February 27, 2002·Français·Neuchâtel·Tribunal Cantonal Cour de cassation civile·HTML·1,816 words·~9 min·5

Summary

Mesures protectrices ou modification? Motivation insuffisante de l'ordonnance.

Full text

A.                                         S. et G. se sont mariés à Neuchâtel le 21 avril 1978. Ils ont un enfant, O., né le 5 octobre 1983.

B.                                         Le 17 août 2000 l'épouse a déposé devant le Tribunal civil du district de Boudry une requête de mesures protectrices de l'union conjugale.

                        A l'audience du 25 septembre 2000, et après échec par le président d'une tentative de conciliation entre les parties, l'épouse a confirmé sa requête, tandis que l'intimé a déposé une liasse de pièces, sans encore prendre position sur la requête. Après une discussion, interrompue d'une suspension d'audience, les parties ont convenu des modalités de leur vie séparée. Cet accord a été noté au procès-verbal de l'audience, qui se termine de la façon suivante :

"Le président constate que les conditions de vie séparée au sens de l'article 175 CCS sont réunies et, en application des articles 175 et 176 CCS, il autorise les époux S.-G. à vivre séparés pour une durée indéterminée. Il ratifie en outre l'accord des parties sur les effets accessoires de la séparation passé à l'audience de ce jour.

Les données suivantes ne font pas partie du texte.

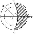 5、综合题 读南极为中心的投影图,下图中最外圈为赤道,虚线表示回归线与极圈,AB代表晨线,OM、ON为日期分界线,∠MOC=450,回答下列问题。(9分)
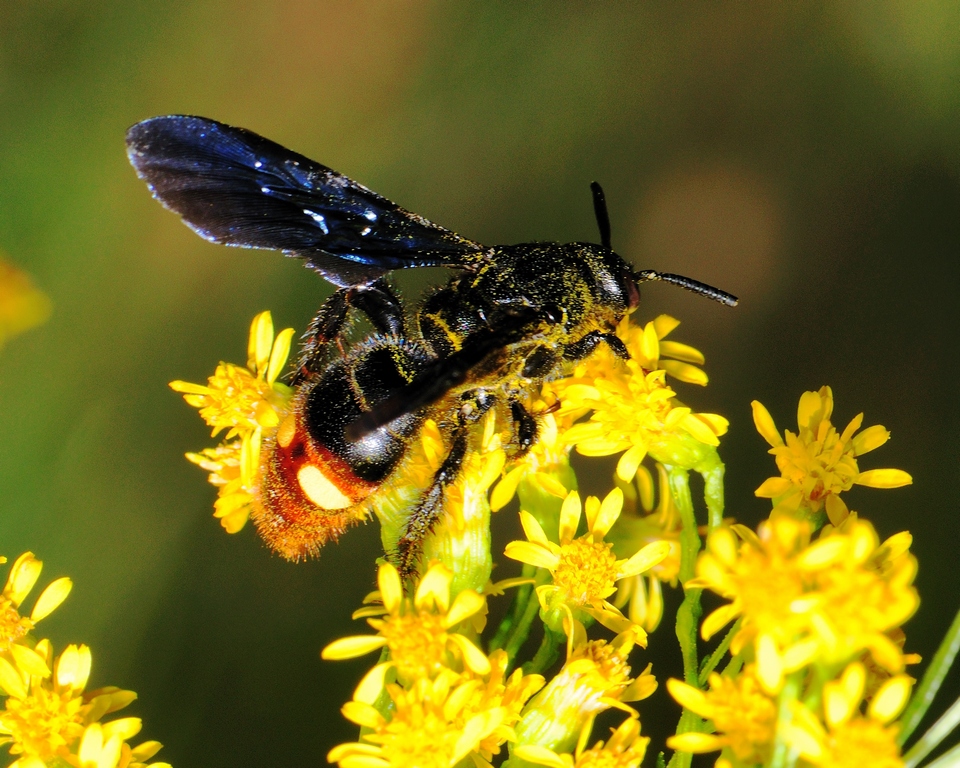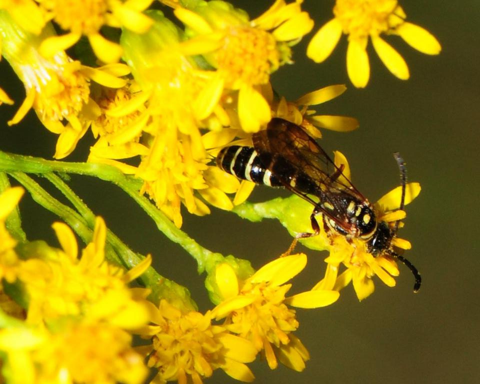The wildflowers attract plenty of different bees and wasps as pollinators. Right now, the Goldenrod is in bloom on the edge of the marshes and in addition to the usual bees, I’ve found Blue-winged Wasps and Myzinum Wasps.
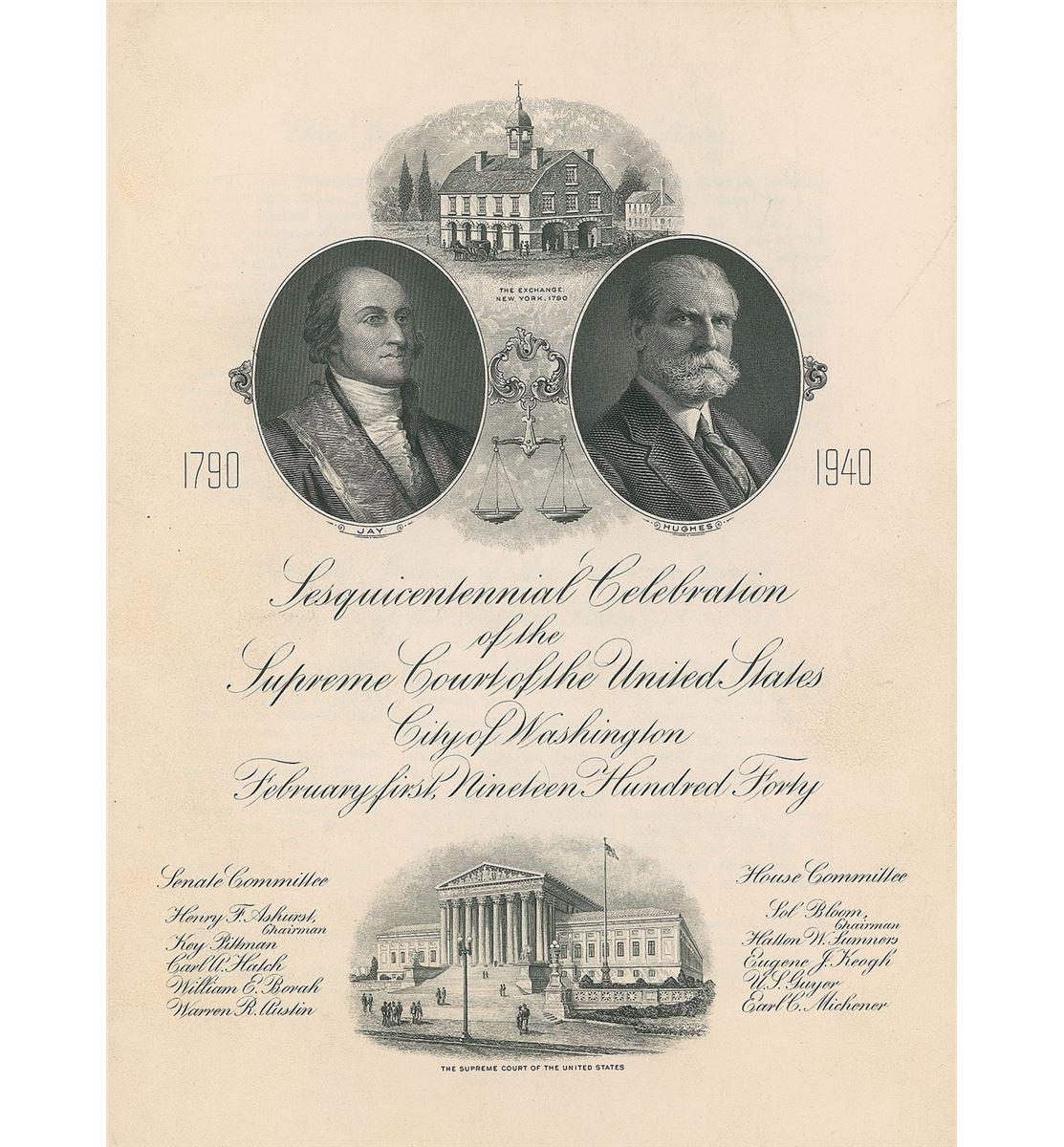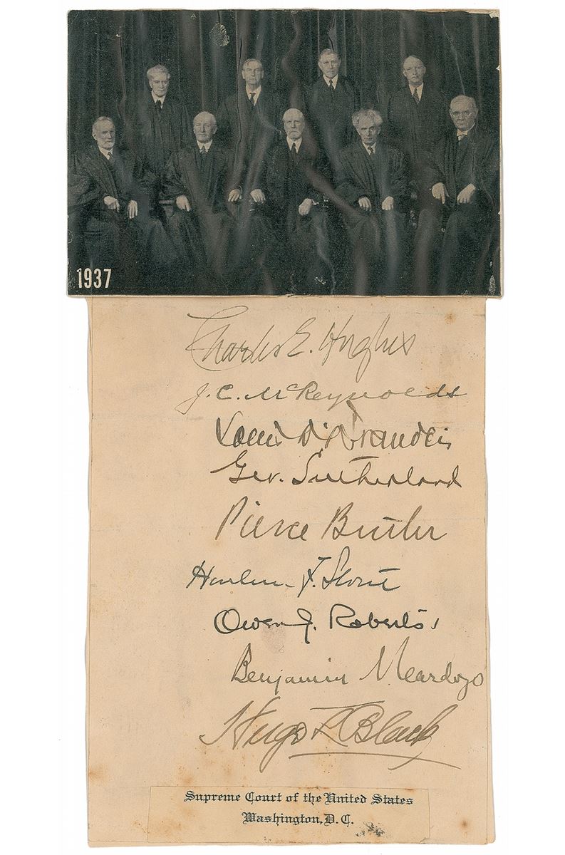 Fountain pen signatures of all nine members of the 1937 Supreme Court on an off-white 4 x 5.5 sheet, including: Charles E. Hughes, James C. McReynolds, Louis D. Brandeis, George Sutherland, Pierce Butler, Harlan F. Stone, Owen J. Roberts, Benjamin N. Cardozo, and Hugo Black. A clipped magazine image of the justices is affixed at the top, and a clipped portion of Supreme Court letterhead is affixed at the bottom. In very good condition, with a horizontal fold passing through Butler’s signature, overall bends and creases, and foxing (primarily towards to bottom). Accompanied by an unsigned program for a celebration of the sesquicentennial of the Supreme Court on February 1, 1940. The date of these scarce signatures, all on a single page, can be targeted to a brief five-month period between August 19, 1937, the date Black joined the court, and January 17, 1938, when Sutherland retired.
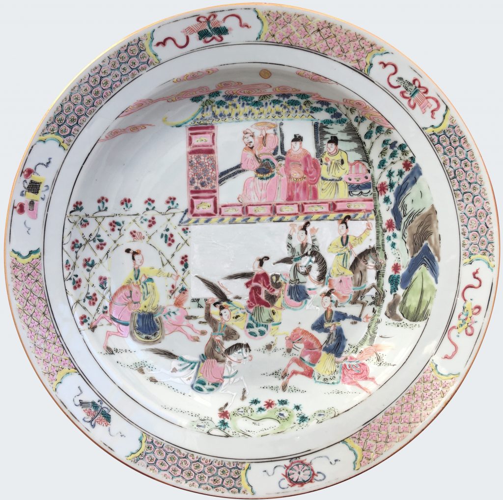 Enamelled in the famille rose palette and gilt, with a scene of the Yang Jia Jiang Yanyi (The Generals of the Yang Family), with six female warriors on horseback in a garden being watched by a dignitary and attendants on a pavilion balcony, the rim with a band of cell and trellis-pattern and reserved with six […]
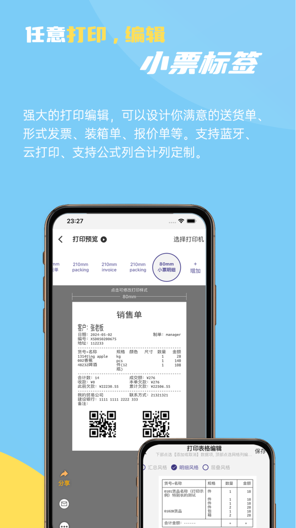 7. 单据打印支持双表格打印,支持上下网格分离打印
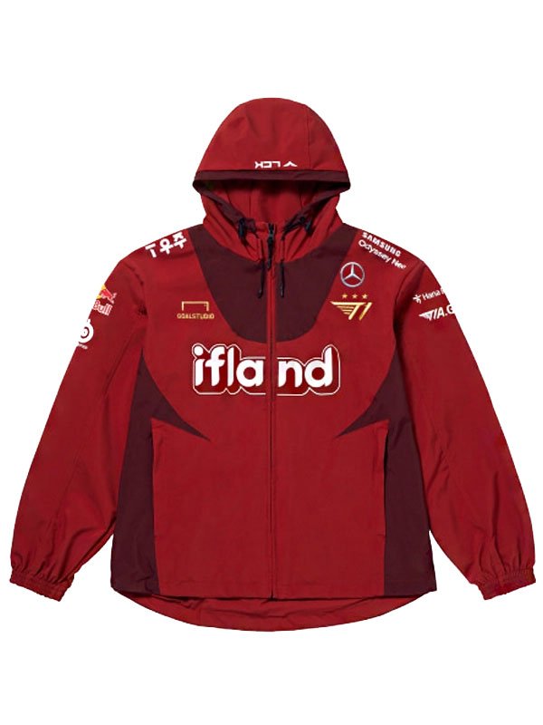 T1 Uniform Worlds Red Polyester Hooded Jacket
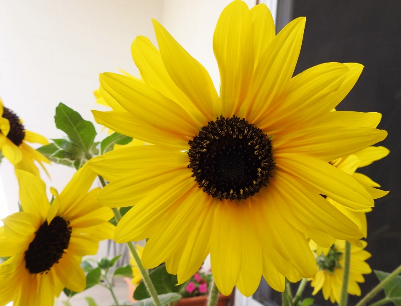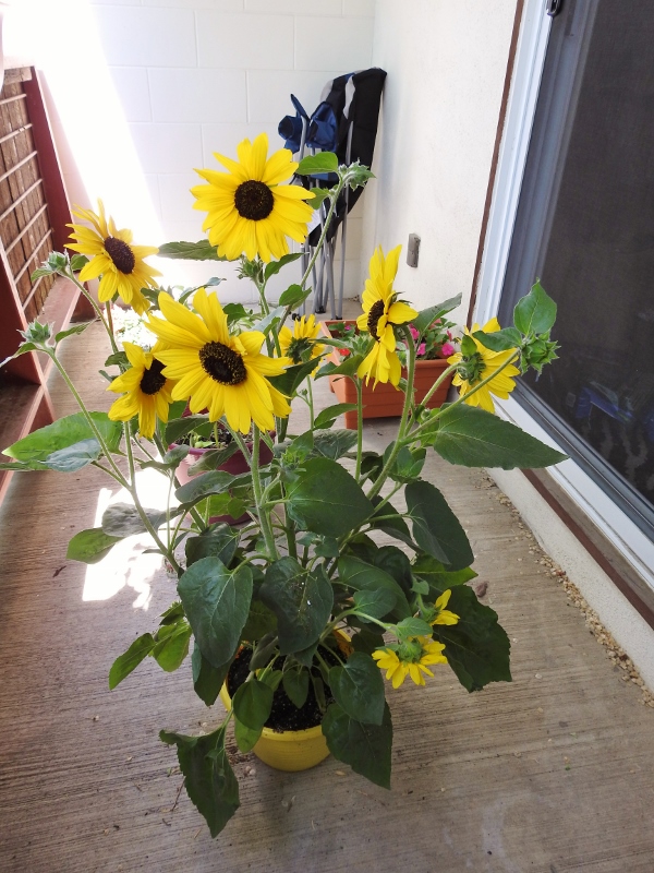 I don’t get a lot of sun on my balcony, so I hope they will be fine out there. Actually, just as I was getting ready to post this, I noticed that the sun has now reached my new sunflowers, so I grabbed a couple more photos.

Une copie du présent procès-verbal, valant ordonnance de mesures protectrices est transmise à chaque partie".

C.                                         Le 11 décembre 2000, le mari a introduit une demande en divorce, simultanément à une requête de mesures provisoires tendant à la modification des mesures protectrices prises le 25 septembre 2000. En bref, il faisait valoir que l'accord intervenu en audience avait été conclu par gain de paix momentané et sans que le juge ni l'adverse partie n'aient apparemment pu examiner les pièces qui avaient été déposées. Il concluait à la suppression de toute contribution en faveur de sa femme dès le dépôt de sa requête, au maintien de la garde de leur enfant auprès de la mère et au maintien à 1'000 francs par mois de sa contribution à l'entretien de son fils.

                        A l'audience du 19 février 2001, le mari a confirmé sa requête, alors que l'épouse a conclu à son rejet, "aucun fait nouveau n'étant survenu".

D.                                         Par ordonnance de mesures provisoires du 7 septembre 2001, le président suppléant du Tribunal du district de Boudry a admis que le mari pouvait se prévaloir d'un fait nouveau et il a conclu que pour le requérant, "il convient dès lors de tenir compte de revenus moyens permettant d'assurer un confort certain à chacun des époux comme à l'enfant". S'agissant de l'intimée, il est parvenu à la conclusion qu'elle pouvait tirer son entreprise un revenu moyen net d'environ 1'500 francs. Après avoir tenu compte des revenus et des charges de chacune des parties ainsi que du niveau de vie qui devait être maintenu durant la procédure, il a modifié les chiffres 2 et 3 du procès-verbal de l'audience du 25 septembre 2000 valant ordonnance de mesures protectrices de l'union conjugale, et il a réduit à 2'000 francs à compter du 8 décembre 2000 la contribution mensuelle d'entretien due par le requérant à l'intimée; il a également supprimé dès le 1er janvier 2001 le paiement par le requérant des tranches d'impôts de l'intimée.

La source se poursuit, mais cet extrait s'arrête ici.